Examples ✨

Here you find complete examples showing how to perform different tasks using Unitxt. Each example is a self contained python file that you can run and later modify.

Basic Usage

Evaluate an existing dataset from the Unitxt catalog

Demonstrates how to evaluate an existing entailment dataset (wnli) using Huggingface datasets and evaluate APIs, with no installation required.

Example code

Related documentation: Evaluating datasets, WNLI dataset card in catalog, Relation template in catalog.

Evaluate a custom dataset

Demonstrates how to evaluate a user QA answering dataset in a standalone file using a user defined task and template.

Example code

Related documentation: Add new dataset tutorial.

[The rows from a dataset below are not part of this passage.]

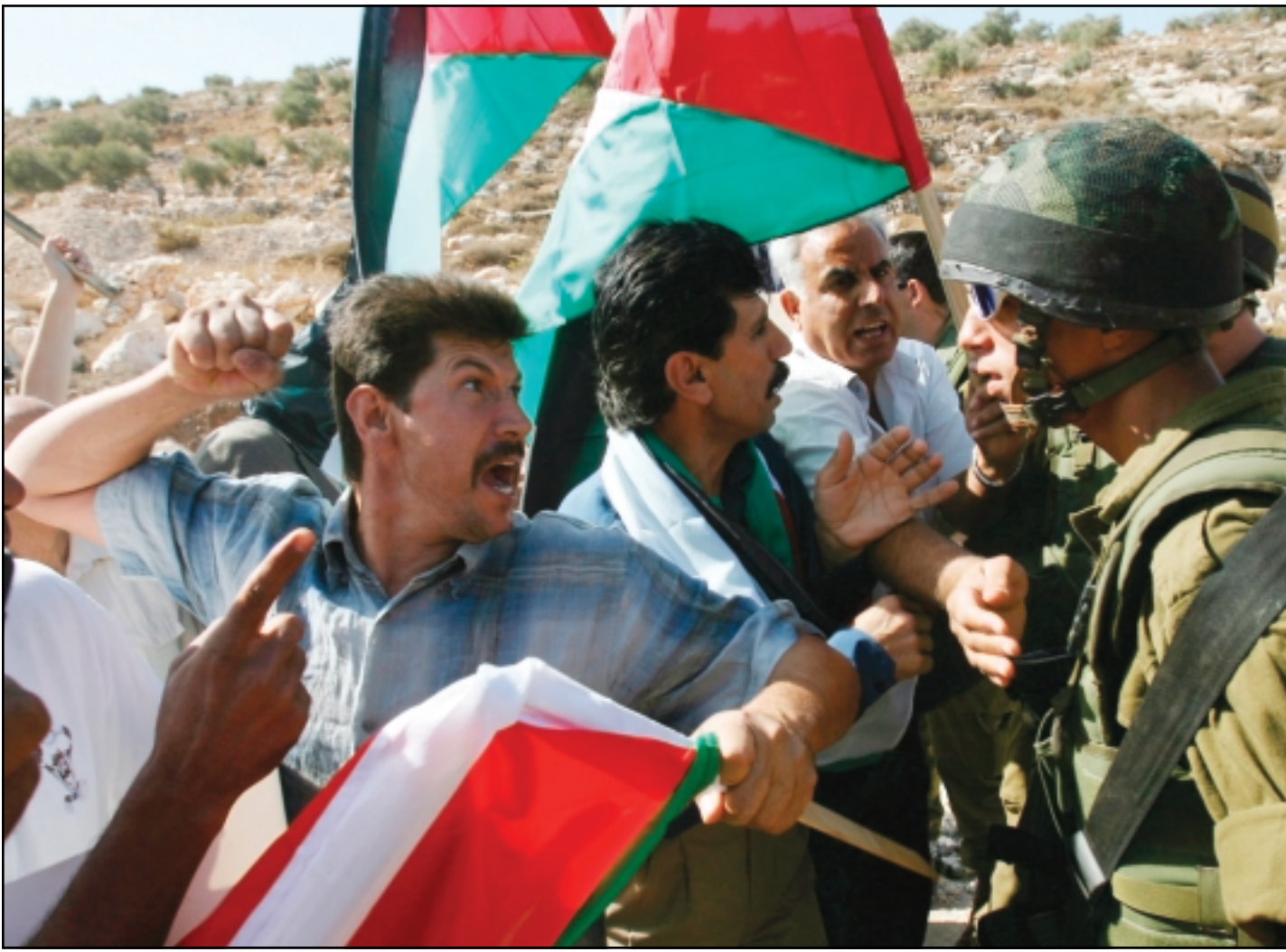
فلسطيني يصرخ ويرفع قبضته بوجه جندي اسراييلي اثناء مظاهرة احتجاجا على مصادرة اراض فلسطينية لفتح طرق تربط المستوطنات

يكون كل الاسرائيليين في ثقة بان امريكا تدعمهم بشكل تام، واننا ملتزمون تماما بانهم ولذلك فان باعناهم ان يتخذوا خطوات جريئة في مساعدهم للسلام».
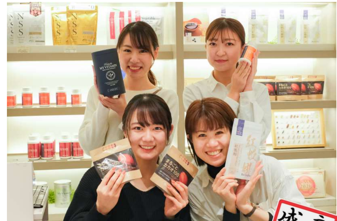
ご入社、お待ちしております！（社員一同）
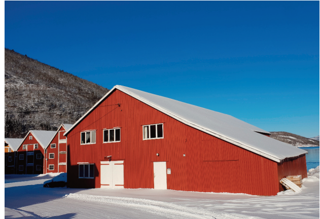
Hansennaustet, båtbyggerverksted fra etterkrigstida.
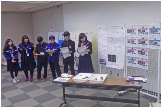
私の水辺大発表会での発表①
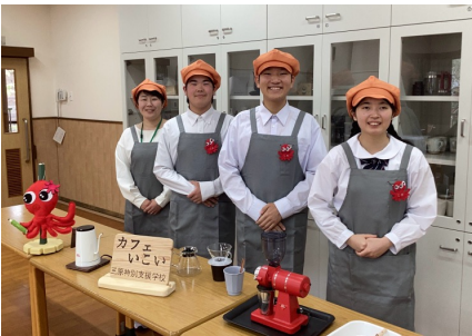
広島県 ⑨ 広島県立三原特別支援学校
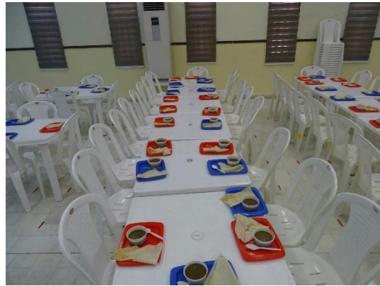
آماده سازی سالن صبحانه خوری
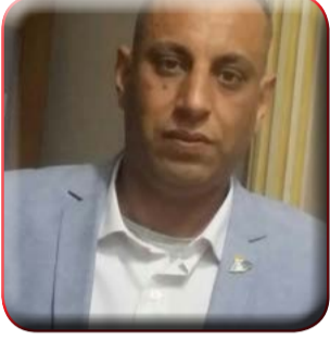
كتب : محمد فايز

إلى دور الوزارة في الإشراف على هيئات الاعتماد، ومشاركتها في لجان المتابعة لتوحيد المبادئ المطبقة بكافة المدارس الأمريكية، والإشراف على ختم الشهادات مععرفة هيئة الاعتماد مع النص على أن يكون ذلك داخل ديوان الوزارة، ضماناً لحقوق الطلاب.
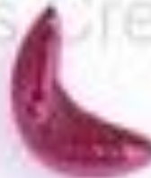
изогнутый полукруг (месяц, полумесяц)
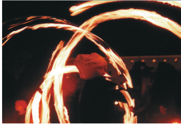
Uppsala Waldorfgymnasiums eldshow på KulturNatten
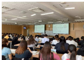
沖縄女子短期大学 2年
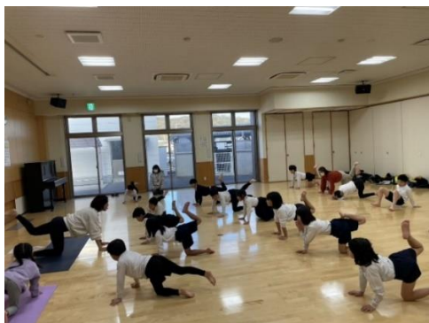
今年度初めてこどもヨガに挑戦しました
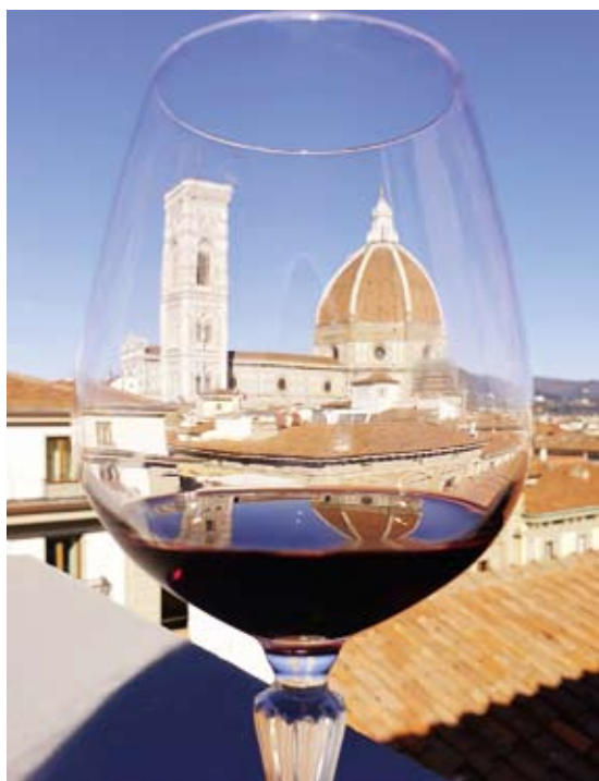
То самое лайкабельное фото с террасы ресторана TOSCA&NINO

Evaluate a custom dataset - reusing existing catalog assets

Demonstrates how to evaluate a user QA dataset using the predefined open qa task and templates. It also shows how to use preprocessing steps to align the raw input of the dataset with the predefined task fields.

Example code

Related documentation: Add new dataset tutorial, Open QA task in catalog, Open QA template in catalog.

Evaluate the impact of different templates and in-context learning demonstrations

Demonstrates how different templates and number of in-context learning examples impacts performance of a model on an entailment task. It also shows how to register assets into a local catalog and reuse them.

Example code

Related documentation: Templates tutorial, Formatting tutorial, Using the Catalog.

Evaluate the impact of different formats and system prompts

Demonstrates how different formats and system prompts effect the input provided to a llama3 chat model and evaluate their impact on the obtain scores.

Example code

Related documentation: Formatting tutorial.

Evaluate the impact of different demonstration example selections

Demonstrates how different methods of selecting the demonstrations in in-context learning affect the results. Three methods are considered: fixed selection of example demonstrations for all test instance, random selection of example demonstrations for each test instance, and choosing the demonstration examples most (lexically) similar to each test instance.

Example code

Related documentation: Formatting tutorial.

LLM as Judges

Evaluate an existing dataset using a pre-defined LLM as judge

Demonstrates how to evaluate an existing QA dataset (squad) using the Huggingface datasets and evaluate APIs and leveraging a predefine LLM as a judge metric.

Example code

Related documentation: Evaluating datasets, LLM as a Judge Metrics Guide.

Evaluate a custom dataset using a custom LLM as Judge

Demonstrates how to evaluate a user QA answering dataset in a standalone file using a user defined task and template. In addition, it shows how to define an LLM as a judge metric, specify the template it uses to produce the input to the judge, and select the judge model and platform.

Example code

Related documentation: LLM as a Judge Metrics Guide.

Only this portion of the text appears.